Dans ce cadre, la conquête des grandes villes prend un sens particulier pour LFI: ce sont souvent elles qui structurent l’équilibre politique des intercommunalités et peuvent orienter les formes de coopération territoriale!
La question devient alors intéressante : est-ce que ce municipalisme « LFIste » peut servir à expérimenter d’autres modes de coopération entre territoires très inégaux ? Des villes pivots capables d’impulser certaines orientations VS des petites communes souvent plus contraintes budgétairement mais qui peuvent peser dans des logiques d’alliance… bref, le communalisme « France Insoumise » peut il transformer un espace pour que la règle majoritaire brute ne suffise plus à organiser la décision?
Si c’est le cas, l’intercommunalité pourrait devenir autre chose qu’un simple outil technocratique : un lieu où se construit une solidarité territoriale capable de résister, au moins partiellement, aux logiques de concurrence et d’attractivité propres au modèle économique dominant…
La vraie question n’est donc peut-être pas seulement de savoir si LFI gagnera des mairies, mais si ce municipalisme « insoumis » qui n’evoque qu’à la marge l’intercommunalité, sera capable, dans ces configurations institutionnelles, de changer réellement la vie des gens! Pour ma part, j’aimerai bien voir ça…
Une majorité de Français souhaitent un vrai changement de cap politique. Macron et ses amis vont terminer leur mandat avec une impopularité record. Les Français sentent également que la droite et l’extrême droite feraient pire encore, même si un grand nombre d’entre eux ont confié leur colère au RN. La victoire nationale des forces de gauche ne peut s’acquérir que par leur rassemblement et leur volonté commune de gagner. Les élections municipales montrent ici ou là, que des chemins existent pour faire en sorte que les forces de gauche ne soient pas irréconciliables. S’enfermes dans les invectives et la division serait une lourde erreur politique. Reprendre la parole, ensemble, serait un signal politique fort pour soulever un espoir de changement. Il appartient, au monde syndical, au monde associatif progressiste, et à la population d’intervenir, localement et nationalement, auprès des responsables politiques des forces de gauche pour concrétiser cet espoir.

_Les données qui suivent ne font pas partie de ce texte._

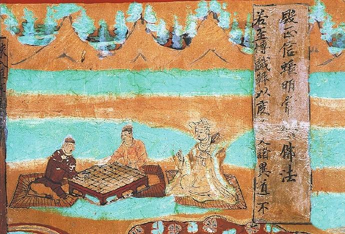 在敦煌壁畫中有關對弈的內容較多。在莫高窟第454窟、第7窟壁畫中都有“弈棋圖”。兩幅圖的畫面有不少類似的地方:一是畫師較為突出棋盤的位置,兩幅壁畫中的棋盤都居中且形制相對巨大;二是畫面上的人物均為三人,兩人對弈,一人觀戰(zhàn),“觀棋不語真君子”;三是對弈者身后的景色都是天朗氣清、遠山含黛。據(jù)說,一天,北宋大文豪蘇東坡與摯友黃庭堅正在松樹底下弈棋。一陣風吹來,松果掉進棋盤。蘇東坡隨即吟道:“松下圍棋,松子每隨棋子落。”黃庭堅馬上回答道:“柳邊垂釣,柳絲常伴釣絲懸。”雅趣十足。其實,棋局里的一動一靜、一招一式無不需要謹小慎微、穩(wěn)扎穩(wěn)打。而對弈時的當斷則斷、示假隱真、有效合作等戰(zhàn)術不僅是對弈的智慧,也是人生的哲理吧。

L’union avec les socialistes, c’est placer R. Glucksmann en pôle position en 2027 pour mener une politique pro OTAN, pro UE, pro ISRAEL et envoyer les jeunes français en Ukraine face aux Russes, au Liban contre les Iraniens et en Asie contre la Chine. Evidemment, ce ne seront pas les enfants de R. Glucksmann – Salamé, ni des grands bourgeois de Place Publique ou du Parti Socialiste, aucune chance de voir un fils Glucksmann, Hollande, Valls, Hidalgo, Borne ou Moscovici (le papa à 60 ans!) dans une tranchée ukrainienne ou dans les déserts du Moyen Orient.
Cette union est une forme modernisée pour prolonger la gauchiasse au pouvoir en France!
Très peu pour moi, d’abord la Paix, la Justice et le Progrès social.
Merci , très juste votre commentaire .
hélas face à la propagande BFM CNEWS et hélas le service public France inter et France Info nous ne sommes pas grand chose.
Dans ce même communiqué, ils refusent toute concession au sujet de la mort de Quentin Deranque et réaffirment « la solidarité avec le [au singulier, ndlr] mouvement antifasciste face aux tentatives de criminalisation faisant suite au drame de Lyon ».
C’est le minimum et les socialistes devraient avoir honte de leur comportement sur cette question comme sur celle de Gaza.